§ **DATA SECTION**:
<<<<
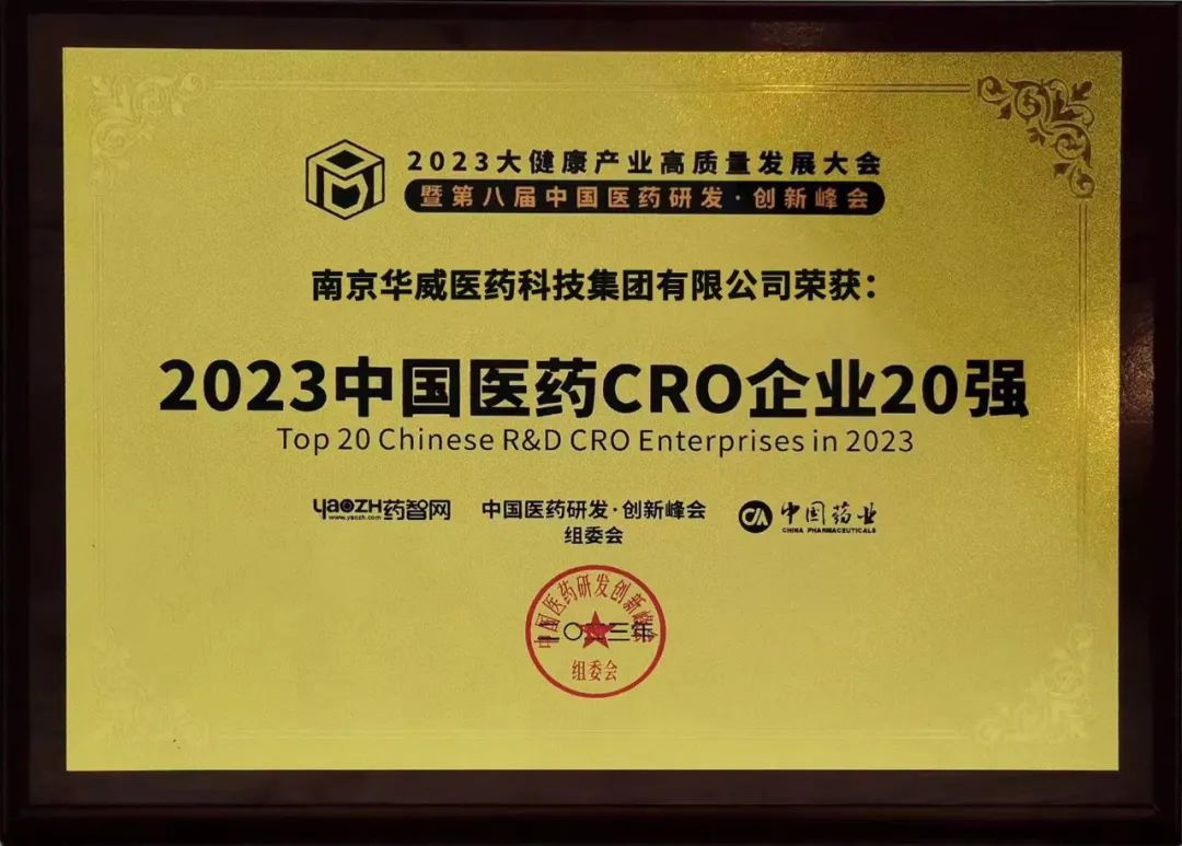 6月16日,2023大健康產業高質量發展大會暨第八屆中國醫藥研發?創新峰會耀世啟幕,讓醫藥行業萬眾矚目的“2023中國藥品研發實力系列榜單”隆重揭曉。華威醫藥憑借自身實力再次成功入選熱門榜單之一的《2023中國醫藥CRO企業20強》。值得關注的是,這是華威醫藥連續多年獲此殊榮。
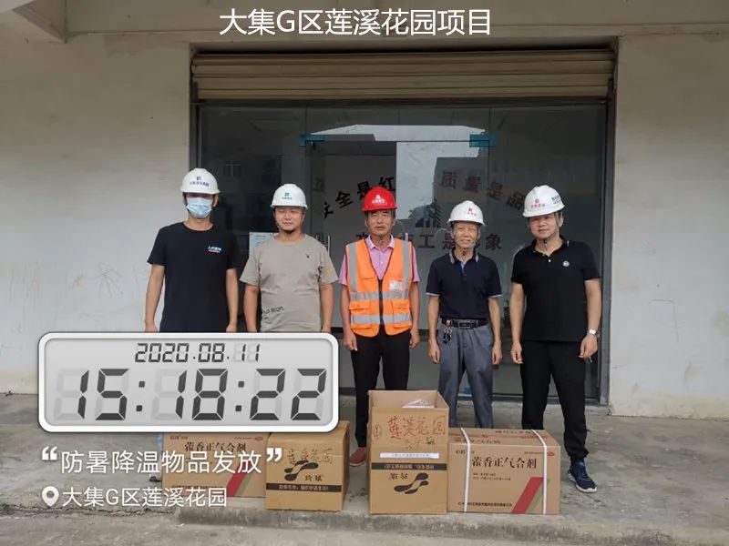 大集G區(qū)蓮溪花園項(xiàng)目、大集街農(nóng)村污水治理項(xiàng)目、大集景綠網(wǎng)紅特色小鎮(zhèn)項(xiàng)目、世茂龍灣47#號(hào)地塊別墅樓工程、黃星大道加油站項(xiàng)目、年產(chǎn)80萬(wàn)套總成項(xiàng)目、常貴路西延伸段項(xiàng)目、泰禾君悅花園項(xiàng)目、碧桂園光谷云鏡項(xiàng)目……每到一處,集團(tuán)工程部都會(huì)將購(gòu)買好的毛巾、風(fēng)油精、人丹、十滴水、藿香正氣水、蚊不叮等防暑降溫物資送到項(xiàng)目人員手中,并要求各項(xiàng)目部一定要把施工人員的身體健康放在首位,要在全力以赴抓質(zhì)量、搶進(jìn)度、創(chuàng)佳績(jī)的同時(shí),嚴(yán)格按照國(guó)家有關(guān)規(guī)定,把防暑降溫工作落實(shí)好、做到位,要根據(jù)天氣氣溫的變化,合理安排工作時(shí)間,作好安全預(yù)防措施、備足防暑降溫物質(zhì),讓員工們安全度過(guò)高溫天氣。
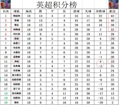 积分榜方面,榜首竞争很激烈,阿森纳,曼城和维拉本轮都赢了球,阿森纳还是多曼城2分,多维拉3分,微弱优势继续领跑。利物浦凭借着一波3连胜在争四中占据主动,超过切尔西,曼联3分位列第4。热刺今天小胜水晶宫止住颓势后,升至下半区“榜首”,差第6的曼联4分。
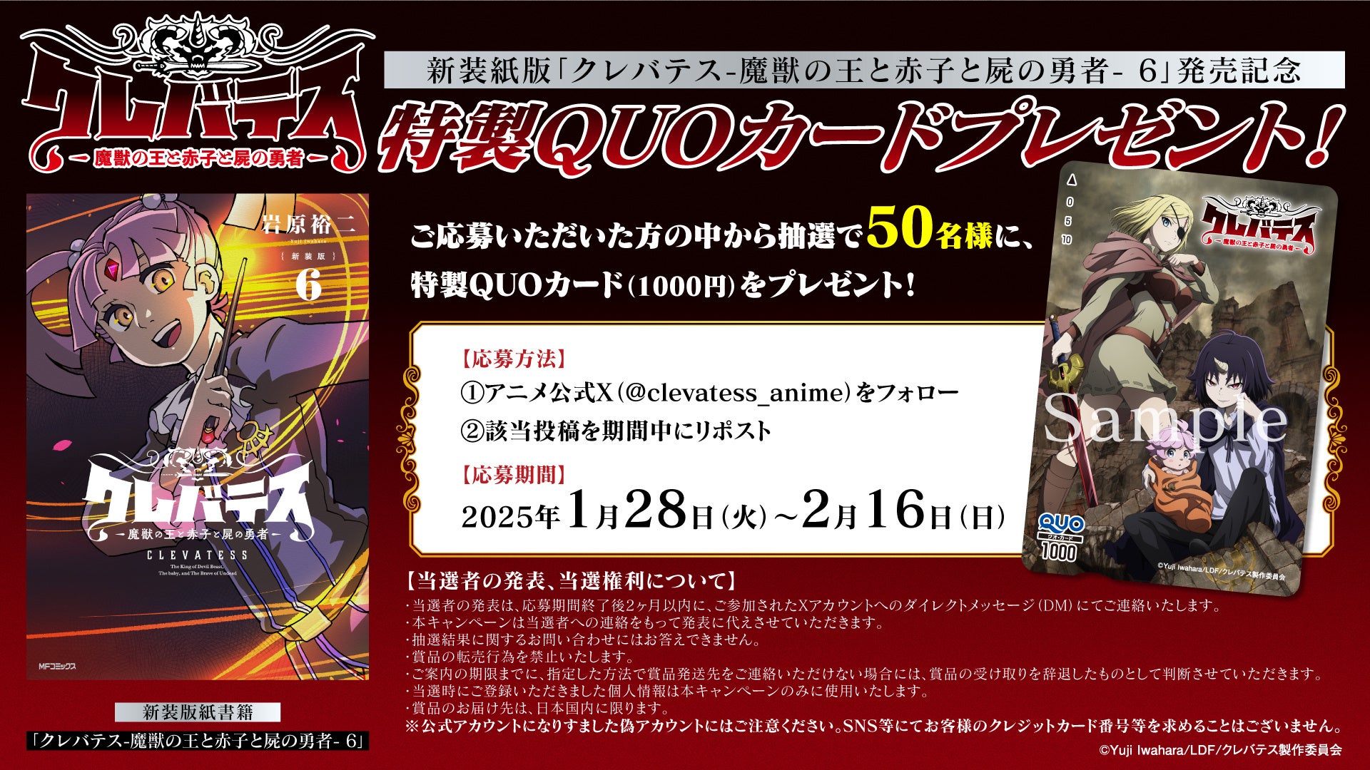新装版紙書籍「クレバテス-魔獣の王と赤子と屍の勇者- 6」の発売を記念して、アニメ公式Xアカウント(@clevatess_anime)をフォローし、該当投稿を期間中にリポストいただいた方の中から抽選で50名様に、特製QUOカード(1000円)をプレゼント!
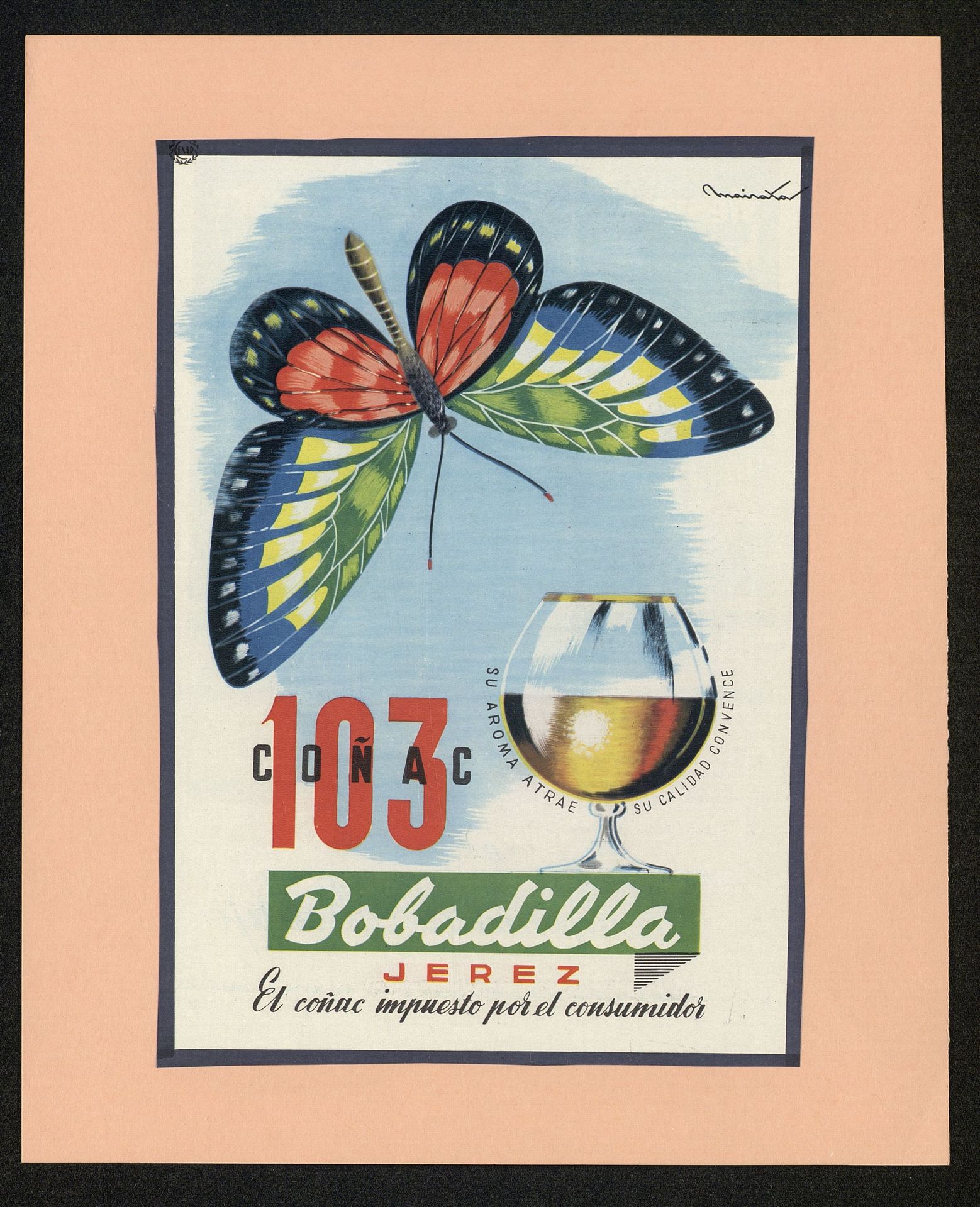 Su aroma atrae, su calidad convence. Coñac 103 Bobadilla. El coñac impuesto por el consumidor. Imagen de una copa y una mariposa
>>>>
Your copy should restate every record word for word and contain no pictures.

§ **YOUR SOLUTION**:
 6月16日,2023大健康產業高質量發展大會暨第八屆中國醫藥研發?創新峰會耀世啟幕,讓醫藥行業萬眾矚目的“2023中國藥品研發實力系列榜單”隆重揭曉。華威醫藥憑借自身實力再次成功入選熱門榜單之一的《2023中國醫藥CRO企業20強》。值得關注的是,這是華威醫藥連續多年獲此殊榮。
 大集G區(qū)蓮溪花園項(xiàng)目、大集街農(nóng)村污水治理項(xiàng)目、大集景綠網(wǎng)紅特色小鎮(zhèn)項(xiàng)目、世茂龍灣47#號(hào)地塊別墅樓工程、黃星大道加油站項(xiàng)目、年產(chǎn)80萬(wàn)套總成項(xiàng)目、常貴路西延伸段項(xiàng)目、泰禾君悅花園項(xiàng)目、碧桂園光谷云鏡項(xiàng)目……每到一處,集團(tuán)工程部都會(huì)將購(gòu)買好的毛巾、風(fēng)油精、人丹、十滴水、藿香正氣水、蚊不叮等防暑降溫物資送到項(xiàng)目人員手中,并要求各項(xiàng)目部一定要把施工人員的身體健康放在首位,要在全力以赴抓質(zhì)量、搶進(jìn)度、創(chuàng)佳績(jī)的同時(shí),嚴(yán)格按照國(guó)家有關(guān)規(guī)定,把防暑降溫工作落實(shí)好、做到位,要根據(jù)天氣氣溫的變化,合理安排工作時(shí)間,作好安全預(yù)防措施、備足防暑降溫物質(zhì),讓員工們安全度過(guò)高溫天氣。
 积分榜方面,榜首竞争很激烈,阿森纳,曼城和维拉本轮都赢了球,阿森纳还是多曼城2分,多维拉3分,微弱优势继续领跑。利物浦凭借着一波3连胜在争四中占据主动,超过切尔西,曼联3分位列第4。热刺今天小胜水晶宫止住颓势后,升至下半区“榜首”,差第6的曼联4分。
新装版紙書籍「クレバテス-魔獣の王と赤子と屍の勇者- 6」の発売を記念して、アニメ公式Xアカウント(@clevatess_anime)をフォローし、該当投稿を期間中にリポストいただいた方の中から抽選で50名様に、特製QUOカード(1000円)をプレゼント!
 Su aroma atrae, su calidad convence. Coñac 103 Bobadilla. El coñac impuesto por el consumidor. Imagen de una copa y una mariposa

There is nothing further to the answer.